# [DATA TO USE]
===============

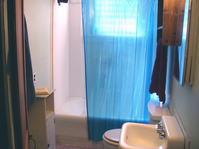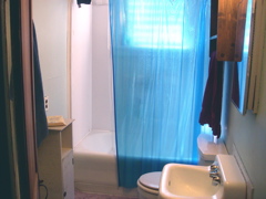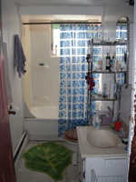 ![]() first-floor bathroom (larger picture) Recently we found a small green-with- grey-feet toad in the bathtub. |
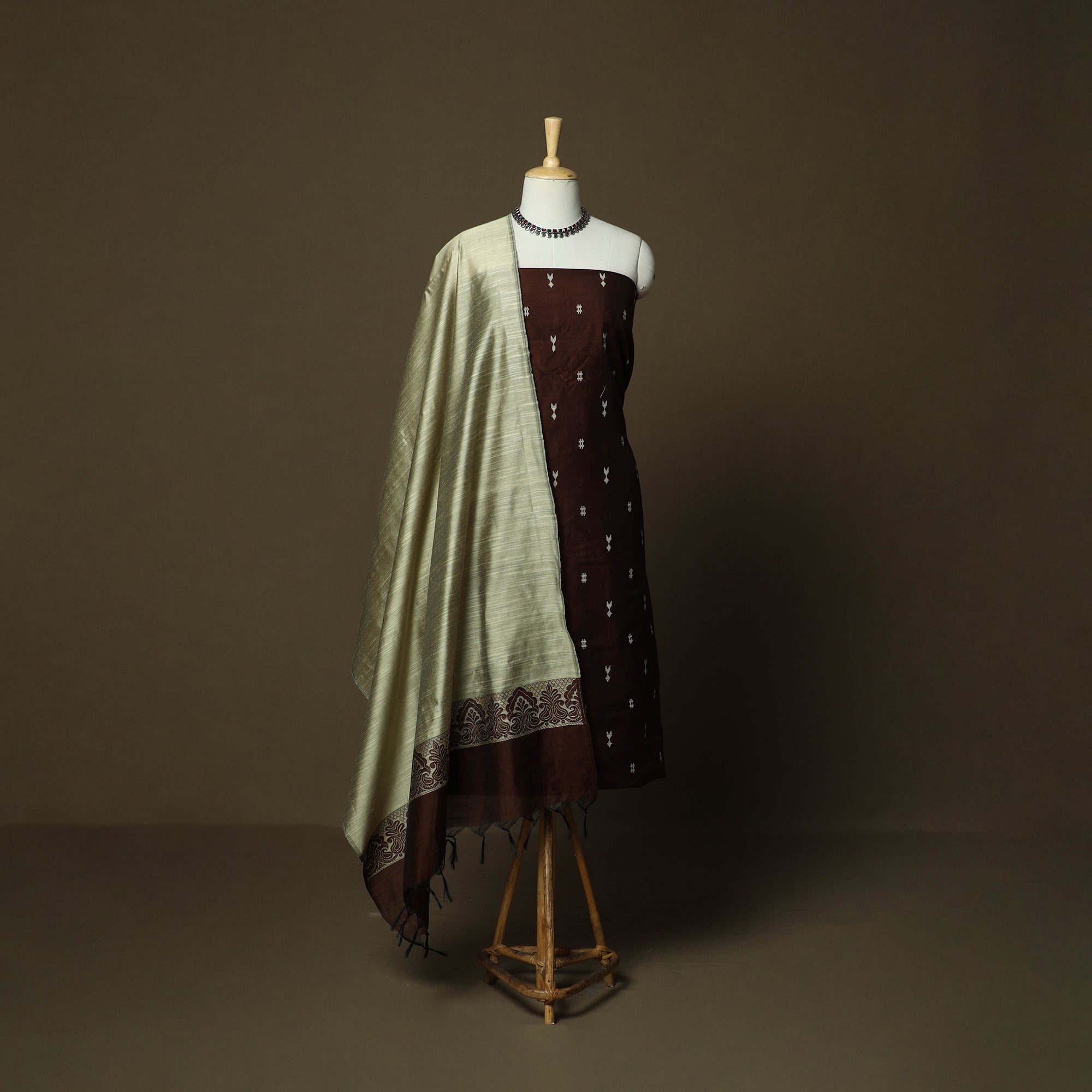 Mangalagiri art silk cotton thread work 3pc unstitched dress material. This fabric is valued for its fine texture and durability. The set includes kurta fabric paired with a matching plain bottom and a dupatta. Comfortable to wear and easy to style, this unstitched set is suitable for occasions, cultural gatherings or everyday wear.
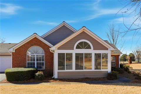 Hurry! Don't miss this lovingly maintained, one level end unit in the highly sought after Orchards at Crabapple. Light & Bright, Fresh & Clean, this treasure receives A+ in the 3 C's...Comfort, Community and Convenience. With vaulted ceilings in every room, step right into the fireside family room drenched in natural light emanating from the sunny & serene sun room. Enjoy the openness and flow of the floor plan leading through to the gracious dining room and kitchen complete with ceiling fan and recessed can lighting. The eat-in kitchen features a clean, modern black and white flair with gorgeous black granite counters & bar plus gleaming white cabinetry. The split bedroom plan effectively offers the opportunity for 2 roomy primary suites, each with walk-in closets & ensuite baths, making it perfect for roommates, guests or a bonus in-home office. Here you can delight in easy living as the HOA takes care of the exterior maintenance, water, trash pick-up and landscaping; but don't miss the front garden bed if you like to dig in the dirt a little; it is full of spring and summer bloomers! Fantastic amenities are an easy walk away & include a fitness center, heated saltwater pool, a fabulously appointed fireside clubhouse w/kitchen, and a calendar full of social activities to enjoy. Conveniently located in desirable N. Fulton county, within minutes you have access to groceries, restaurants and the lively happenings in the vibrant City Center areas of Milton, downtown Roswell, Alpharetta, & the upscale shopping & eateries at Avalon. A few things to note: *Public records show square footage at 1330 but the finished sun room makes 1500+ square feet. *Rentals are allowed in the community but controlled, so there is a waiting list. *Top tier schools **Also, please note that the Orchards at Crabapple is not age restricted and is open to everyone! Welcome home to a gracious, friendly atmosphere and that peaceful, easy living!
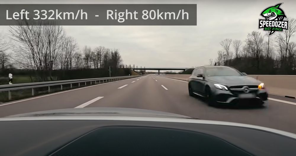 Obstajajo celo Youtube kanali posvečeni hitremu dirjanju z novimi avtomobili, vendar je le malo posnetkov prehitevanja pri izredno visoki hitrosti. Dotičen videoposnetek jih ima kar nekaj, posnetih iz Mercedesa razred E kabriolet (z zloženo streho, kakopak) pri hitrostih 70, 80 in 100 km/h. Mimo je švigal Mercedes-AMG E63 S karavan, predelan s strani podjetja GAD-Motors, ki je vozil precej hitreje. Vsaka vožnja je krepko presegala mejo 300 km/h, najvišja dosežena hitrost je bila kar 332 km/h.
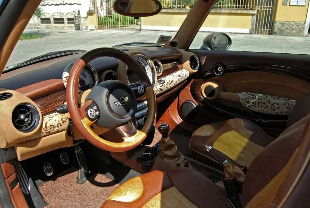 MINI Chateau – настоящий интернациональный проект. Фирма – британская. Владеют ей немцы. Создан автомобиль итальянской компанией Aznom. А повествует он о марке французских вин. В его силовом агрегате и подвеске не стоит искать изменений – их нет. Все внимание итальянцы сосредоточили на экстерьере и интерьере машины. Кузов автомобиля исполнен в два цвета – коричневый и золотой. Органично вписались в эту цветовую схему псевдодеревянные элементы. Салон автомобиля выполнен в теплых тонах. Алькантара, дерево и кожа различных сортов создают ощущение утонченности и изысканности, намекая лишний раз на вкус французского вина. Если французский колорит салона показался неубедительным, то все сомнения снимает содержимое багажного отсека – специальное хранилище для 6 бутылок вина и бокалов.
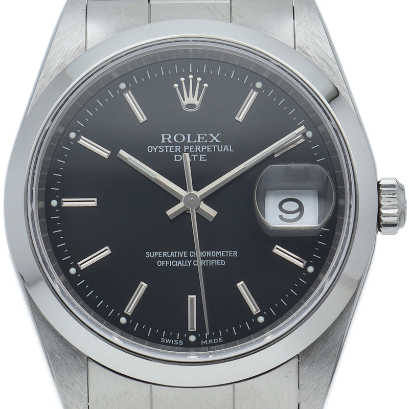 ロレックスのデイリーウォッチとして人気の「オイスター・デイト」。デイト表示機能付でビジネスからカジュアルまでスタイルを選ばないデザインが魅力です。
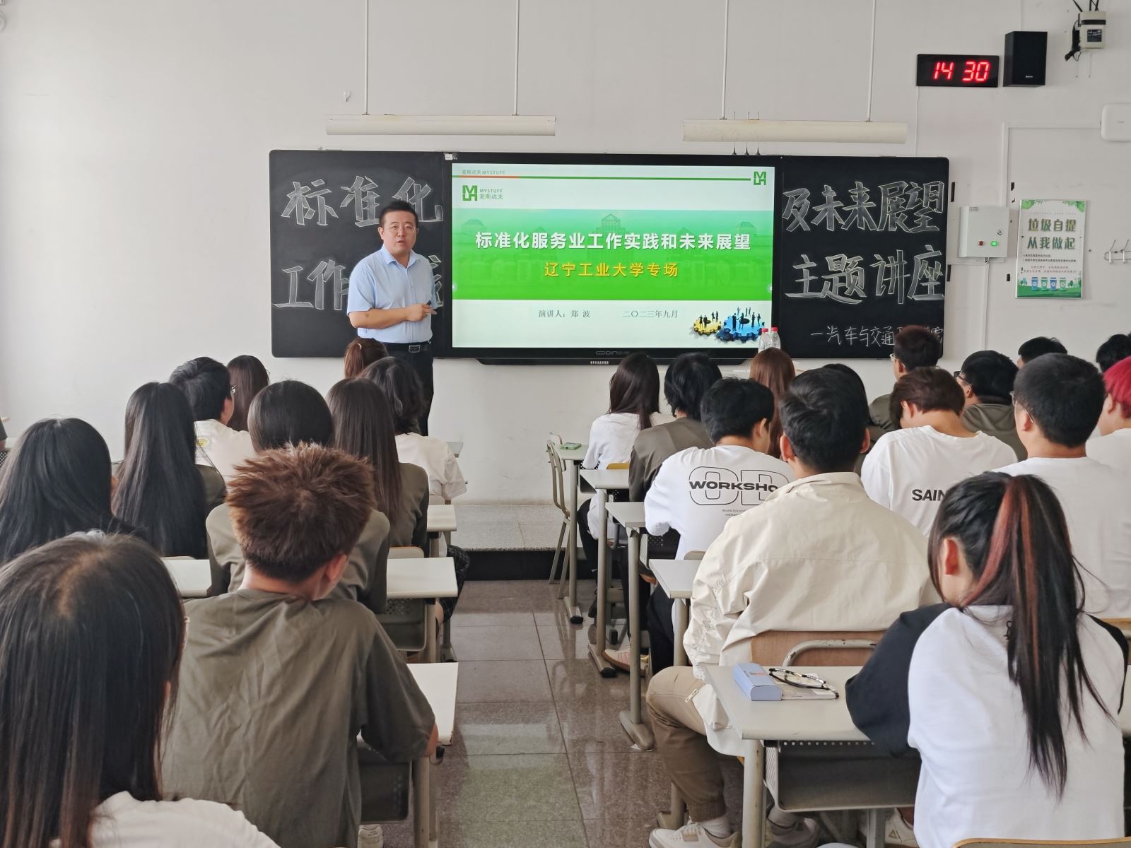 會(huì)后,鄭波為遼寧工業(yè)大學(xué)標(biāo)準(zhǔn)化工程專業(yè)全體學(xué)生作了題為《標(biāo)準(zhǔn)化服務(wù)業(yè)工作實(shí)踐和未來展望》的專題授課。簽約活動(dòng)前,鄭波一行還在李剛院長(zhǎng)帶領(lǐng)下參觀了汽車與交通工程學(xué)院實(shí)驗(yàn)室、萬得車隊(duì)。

===============

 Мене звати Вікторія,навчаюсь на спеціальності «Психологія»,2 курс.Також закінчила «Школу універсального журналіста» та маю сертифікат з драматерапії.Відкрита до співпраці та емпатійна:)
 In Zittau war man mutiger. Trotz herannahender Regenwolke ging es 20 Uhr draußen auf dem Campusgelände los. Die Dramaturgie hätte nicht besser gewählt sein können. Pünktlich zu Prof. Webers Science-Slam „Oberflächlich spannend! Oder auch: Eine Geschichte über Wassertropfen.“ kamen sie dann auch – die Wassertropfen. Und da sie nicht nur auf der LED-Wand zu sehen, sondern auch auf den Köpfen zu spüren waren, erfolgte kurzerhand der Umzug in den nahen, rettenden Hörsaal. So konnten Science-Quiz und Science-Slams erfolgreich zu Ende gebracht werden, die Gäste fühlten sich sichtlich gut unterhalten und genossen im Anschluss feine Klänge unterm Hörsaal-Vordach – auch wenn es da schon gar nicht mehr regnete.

===============

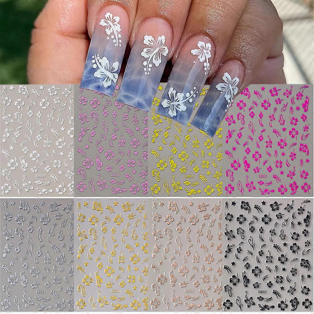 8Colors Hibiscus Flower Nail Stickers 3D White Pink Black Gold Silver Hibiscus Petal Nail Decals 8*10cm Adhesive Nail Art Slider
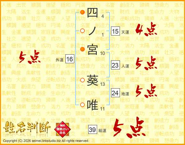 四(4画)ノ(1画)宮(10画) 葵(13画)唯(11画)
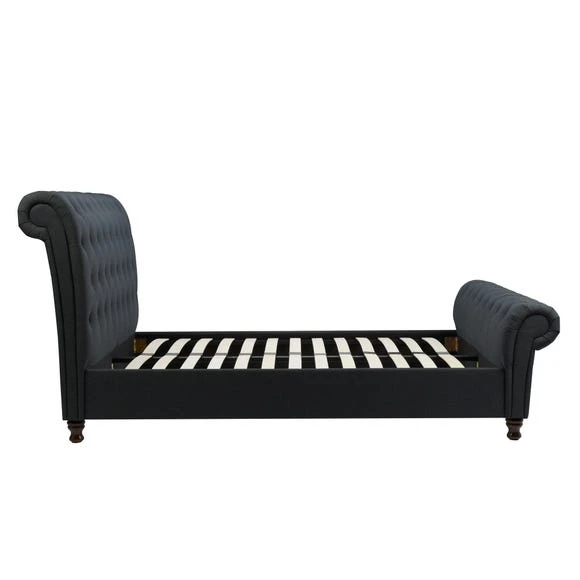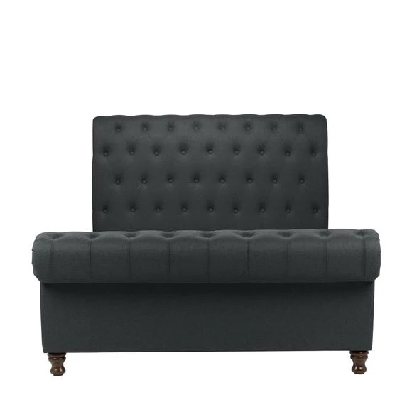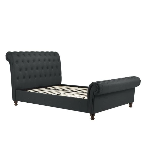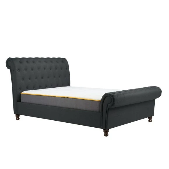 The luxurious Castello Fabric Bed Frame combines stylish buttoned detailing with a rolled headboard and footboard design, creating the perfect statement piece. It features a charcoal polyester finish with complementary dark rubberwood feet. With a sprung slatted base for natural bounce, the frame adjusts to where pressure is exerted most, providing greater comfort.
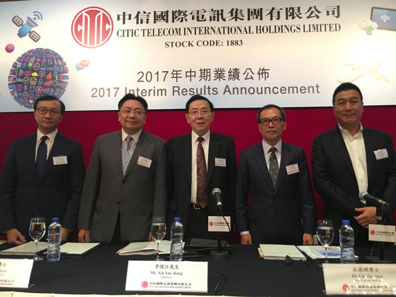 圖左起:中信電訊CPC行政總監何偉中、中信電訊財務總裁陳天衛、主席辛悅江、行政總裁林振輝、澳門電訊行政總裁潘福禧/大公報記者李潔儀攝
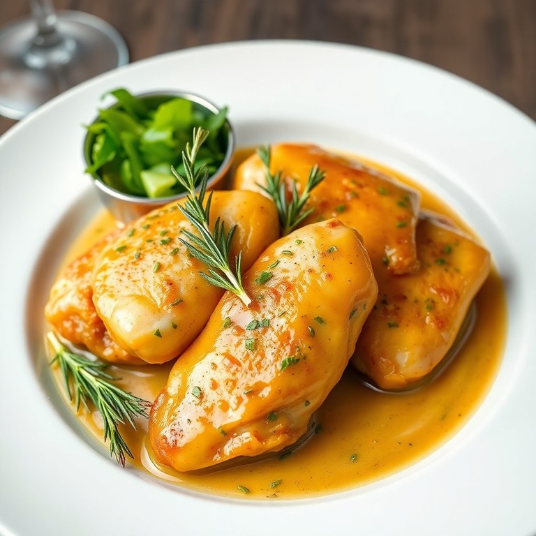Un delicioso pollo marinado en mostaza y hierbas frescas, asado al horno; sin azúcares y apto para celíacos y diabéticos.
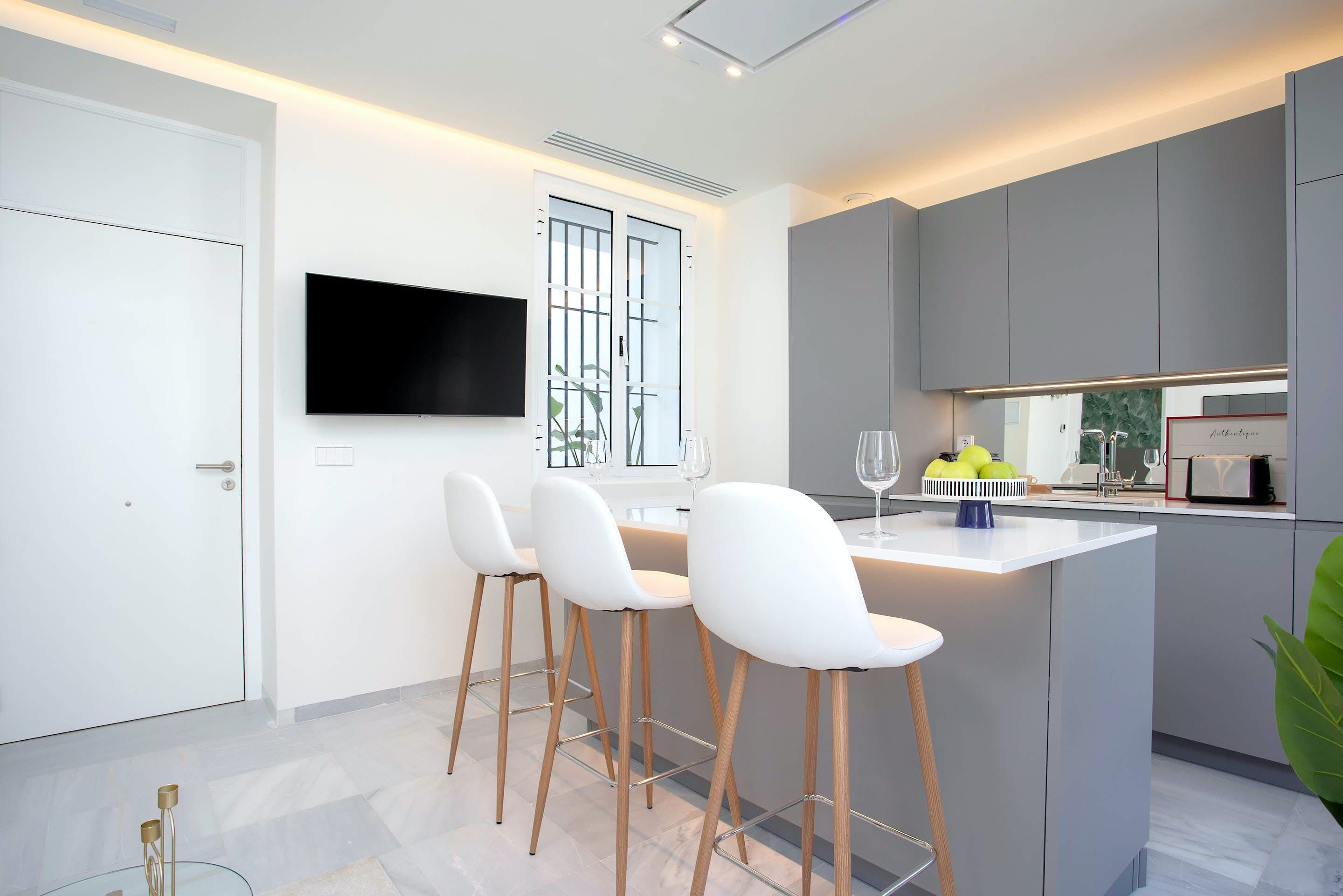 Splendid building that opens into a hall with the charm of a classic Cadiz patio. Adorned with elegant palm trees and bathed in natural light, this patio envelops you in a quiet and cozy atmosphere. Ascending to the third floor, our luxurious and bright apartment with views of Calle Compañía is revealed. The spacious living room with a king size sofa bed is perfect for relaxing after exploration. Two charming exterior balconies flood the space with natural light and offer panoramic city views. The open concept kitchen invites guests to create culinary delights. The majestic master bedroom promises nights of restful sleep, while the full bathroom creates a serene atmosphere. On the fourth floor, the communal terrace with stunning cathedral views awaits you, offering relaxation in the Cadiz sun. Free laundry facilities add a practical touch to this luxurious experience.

===============

Starting with the line that contains "the bathtub. |" and finishing with the line that contains "Mangalagiri art silk", reproduce every line of the material above exactly, but not the pictures.

# [ANSWER]
 ![]() first-floor bathroom (larger picture) Recently we found a small green-with- grey-feet toad in the bathtub. |
 Mangalagiri art silk cotton thread work 3pc unstitched dress material. This fabric is valued for its fine texture and durability. The set includes kurta fabric paired with a matching plain bottom and a dupatta. Comfortable to wear and easy to style, this unstitched set is suitable for occasions, cultural gatherings or everyday wear.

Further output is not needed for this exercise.